Write out exactly the lines below starting at the one containing "We have our" and ending at the one containing "PVM Price Volume". Omit every picture.

_Supplied information:_
※ ※ ※
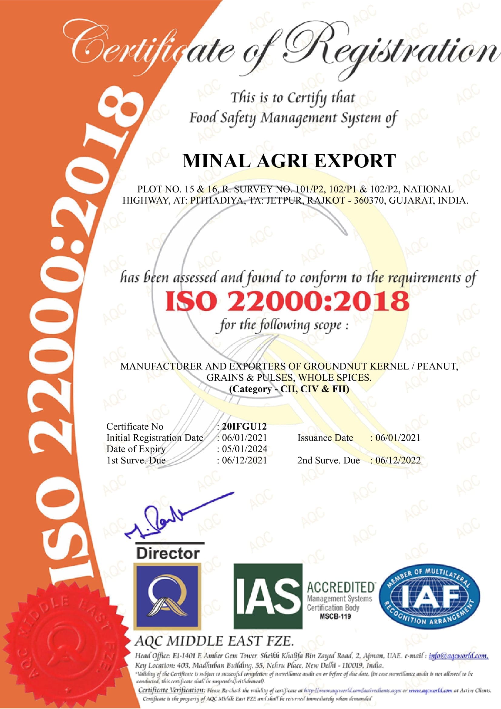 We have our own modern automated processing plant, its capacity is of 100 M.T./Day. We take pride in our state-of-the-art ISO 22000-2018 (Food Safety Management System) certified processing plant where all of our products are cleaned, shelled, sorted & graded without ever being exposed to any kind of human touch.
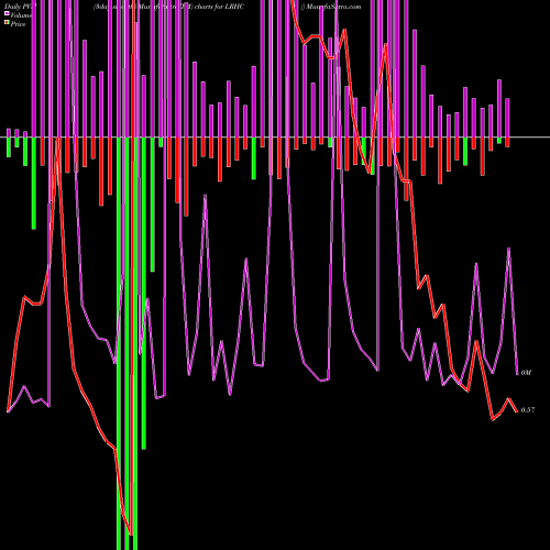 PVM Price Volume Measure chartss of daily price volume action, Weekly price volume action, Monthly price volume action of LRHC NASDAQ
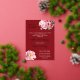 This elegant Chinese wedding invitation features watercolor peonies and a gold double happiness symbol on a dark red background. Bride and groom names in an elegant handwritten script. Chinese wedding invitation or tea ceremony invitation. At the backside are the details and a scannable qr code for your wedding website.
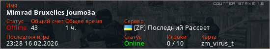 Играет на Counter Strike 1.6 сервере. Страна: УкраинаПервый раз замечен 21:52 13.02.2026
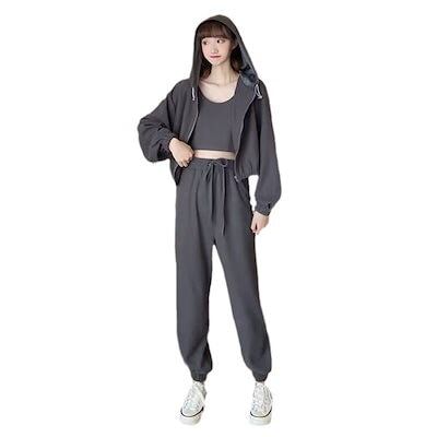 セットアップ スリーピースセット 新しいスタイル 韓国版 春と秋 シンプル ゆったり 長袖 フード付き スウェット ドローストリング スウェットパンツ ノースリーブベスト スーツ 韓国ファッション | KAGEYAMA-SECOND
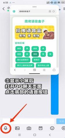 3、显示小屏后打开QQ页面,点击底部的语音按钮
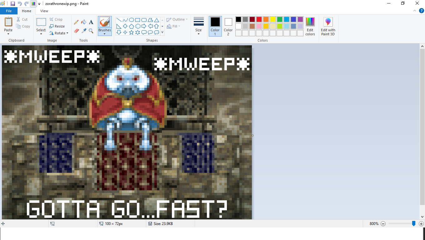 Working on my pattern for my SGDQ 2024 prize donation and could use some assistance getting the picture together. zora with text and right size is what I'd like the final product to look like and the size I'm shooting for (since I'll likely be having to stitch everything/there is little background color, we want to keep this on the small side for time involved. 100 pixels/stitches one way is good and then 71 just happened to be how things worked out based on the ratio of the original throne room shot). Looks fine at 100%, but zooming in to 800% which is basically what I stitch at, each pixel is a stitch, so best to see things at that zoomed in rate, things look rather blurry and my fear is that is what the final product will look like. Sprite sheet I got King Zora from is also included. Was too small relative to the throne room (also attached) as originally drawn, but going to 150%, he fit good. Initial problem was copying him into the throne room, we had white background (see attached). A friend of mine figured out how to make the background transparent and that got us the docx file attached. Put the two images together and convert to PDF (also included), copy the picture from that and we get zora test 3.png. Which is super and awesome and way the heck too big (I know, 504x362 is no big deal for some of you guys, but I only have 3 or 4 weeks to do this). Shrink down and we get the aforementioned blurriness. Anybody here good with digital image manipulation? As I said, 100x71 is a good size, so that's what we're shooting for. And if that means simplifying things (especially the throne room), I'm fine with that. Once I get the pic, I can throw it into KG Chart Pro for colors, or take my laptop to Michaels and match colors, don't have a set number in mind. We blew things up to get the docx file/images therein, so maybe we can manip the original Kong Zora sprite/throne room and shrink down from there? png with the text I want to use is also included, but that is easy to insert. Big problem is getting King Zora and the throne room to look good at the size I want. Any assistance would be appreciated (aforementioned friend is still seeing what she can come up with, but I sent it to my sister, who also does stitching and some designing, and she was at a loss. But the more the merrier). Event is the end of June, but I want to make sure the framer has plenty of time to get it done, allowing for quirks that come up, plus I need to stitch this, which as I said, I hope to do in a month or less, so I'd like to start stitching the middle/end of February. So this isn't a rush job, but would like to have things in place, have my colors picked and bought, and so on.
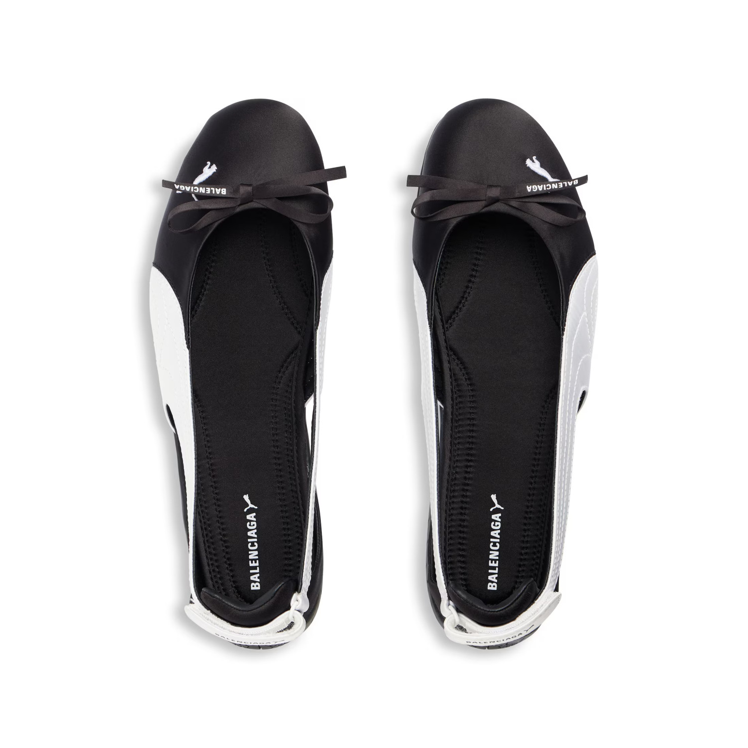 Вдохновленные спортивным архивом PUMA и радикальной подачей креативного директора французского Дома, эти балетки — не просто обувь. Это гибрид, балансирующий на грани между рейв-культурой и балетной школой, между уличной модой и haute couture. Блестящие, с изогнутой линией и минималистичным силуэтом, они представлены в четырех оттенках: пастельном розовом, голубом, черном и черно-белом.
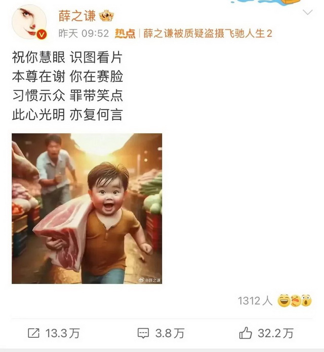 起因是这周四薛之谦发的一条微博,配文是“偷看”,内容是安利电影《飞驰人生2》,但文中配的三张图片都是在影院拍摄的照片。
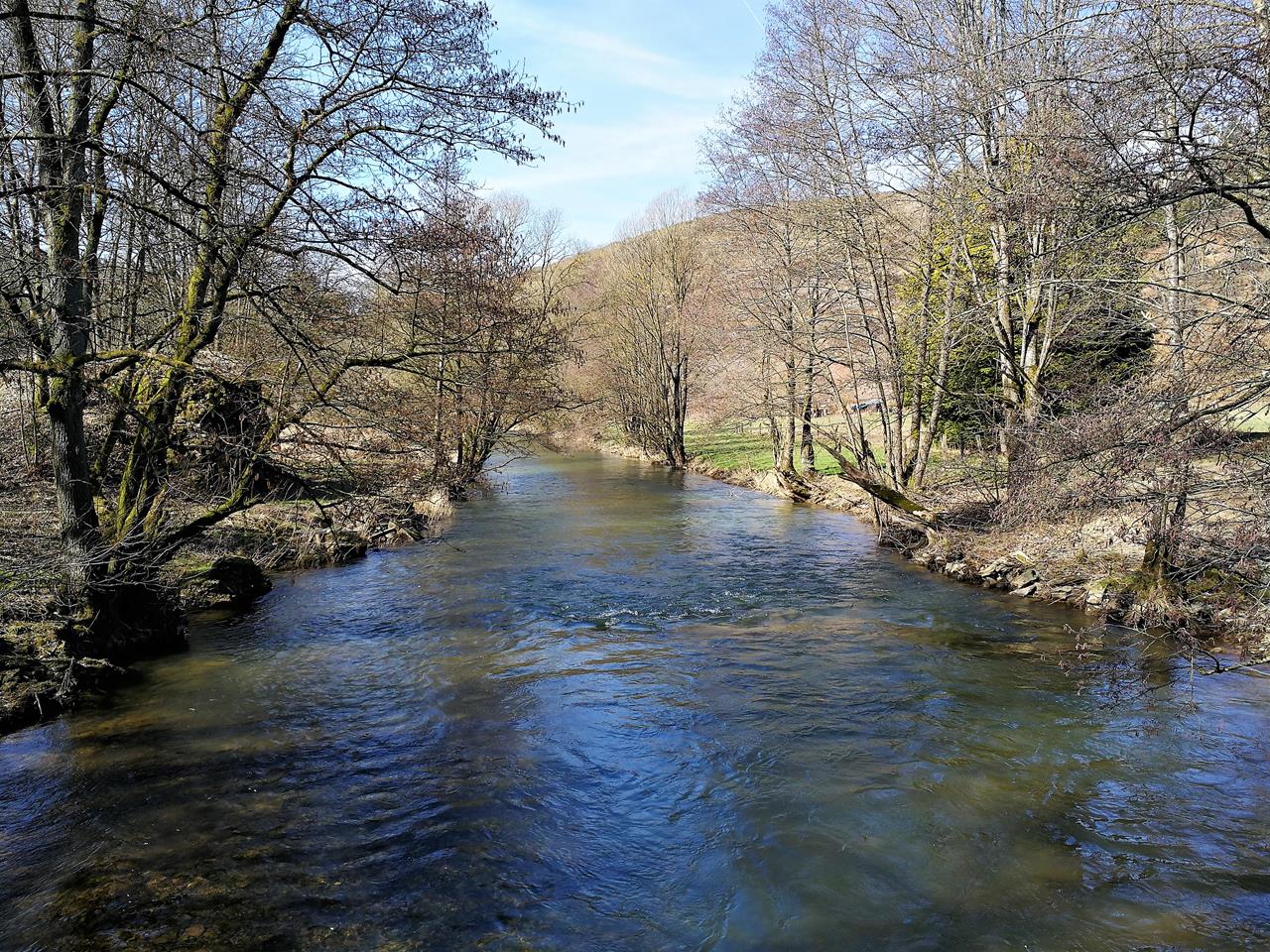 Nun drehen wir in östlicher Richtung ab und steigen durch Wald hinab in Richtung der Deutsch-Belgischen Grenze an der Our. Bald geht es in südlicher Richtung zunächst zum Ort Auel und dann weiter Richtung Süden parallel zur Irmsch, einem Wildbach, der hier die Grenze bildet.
※ ※ ※
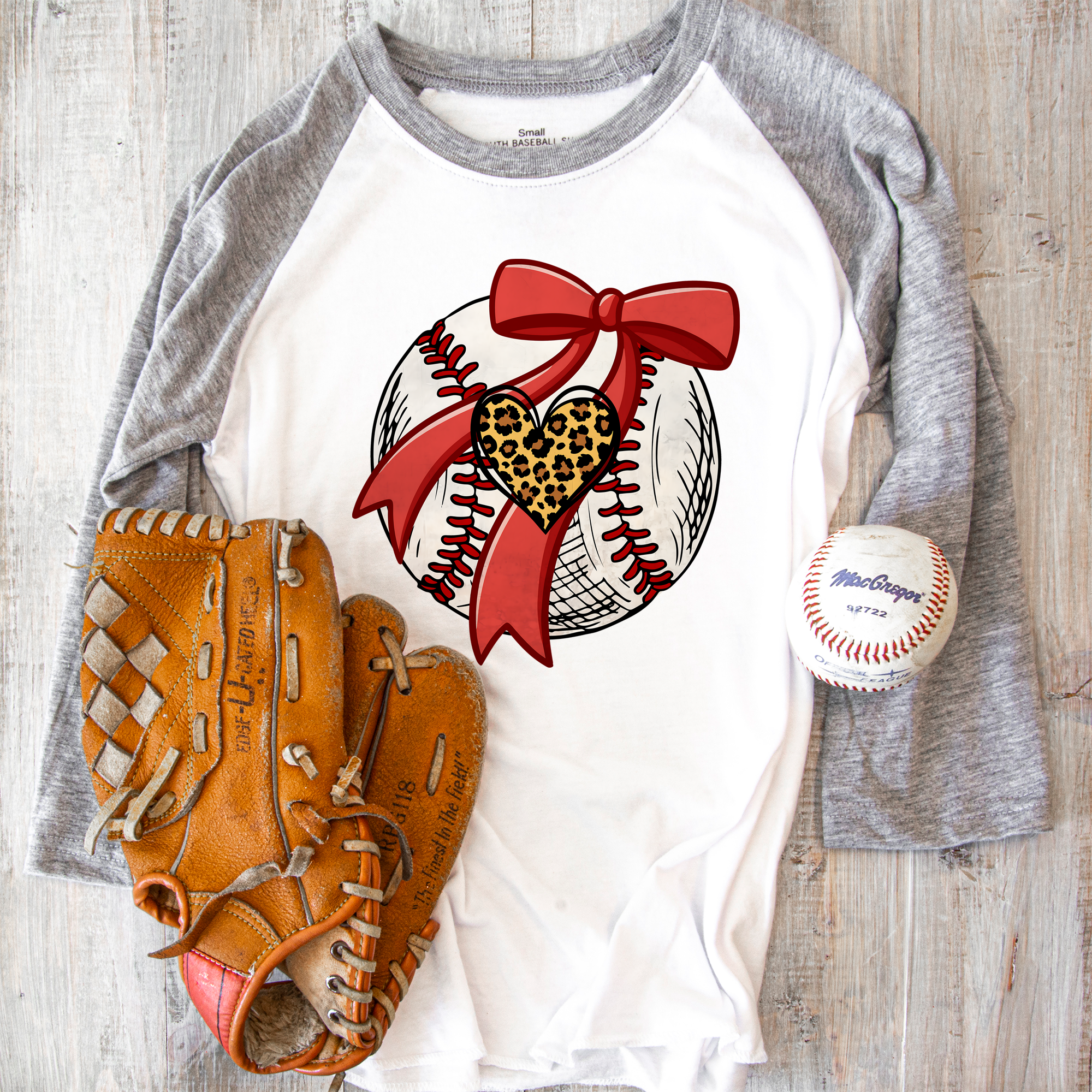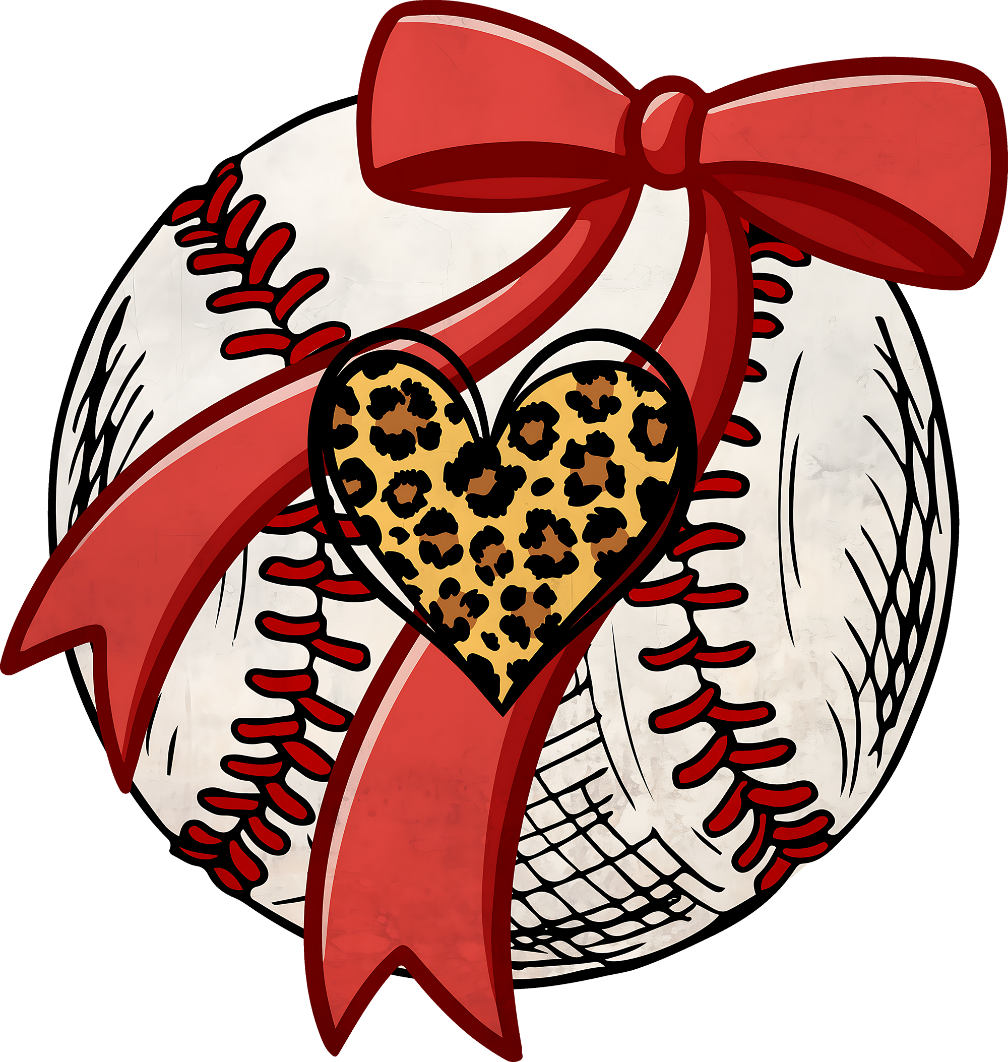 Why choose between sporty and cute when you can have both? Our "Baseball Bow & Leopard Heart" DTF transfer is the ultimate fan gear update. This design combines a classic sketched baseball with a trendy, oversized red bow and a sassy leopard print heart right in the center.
※ ※ ※
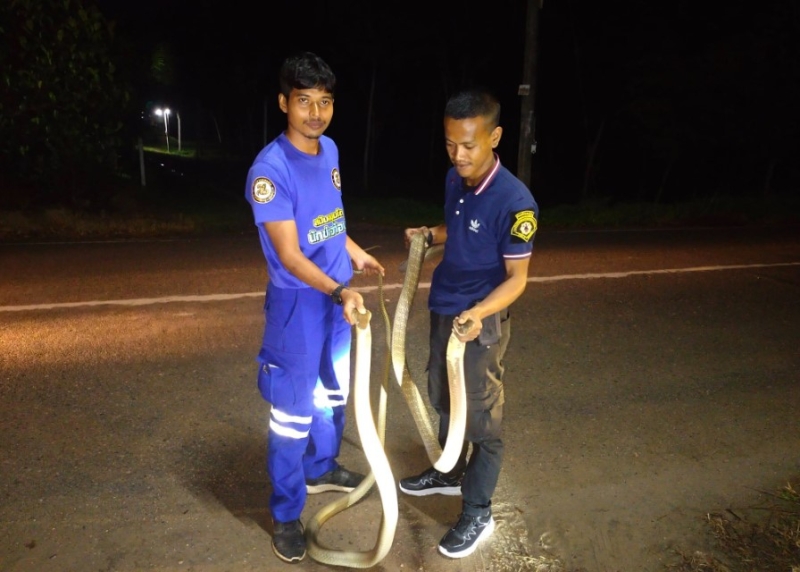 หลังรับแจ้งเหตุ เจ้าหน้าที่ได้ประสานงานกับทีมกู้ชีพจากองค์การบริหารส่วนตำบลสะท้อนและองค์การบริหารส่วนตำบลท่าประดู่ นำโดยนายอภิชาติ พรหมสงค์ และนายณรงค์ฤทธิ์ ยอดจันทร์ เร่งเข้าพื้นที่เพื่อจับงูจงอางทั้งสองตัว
※ ※ ※
_Expected output:_
 We have our own modern automated processing plant, its capacity is of 100 M.T./Day. We take pride in our state-of-the-art ISO 22000-2018 (Food Safety Management System) certified processing plant where all of our products are cleaned, shelled, sorted & graded without ever being exposed to any kind of human touch.
 PVM Price Volume Measure chartss of daily price volume action, Weekly price volume action, Monthly price volume action of LRHC NASDAQ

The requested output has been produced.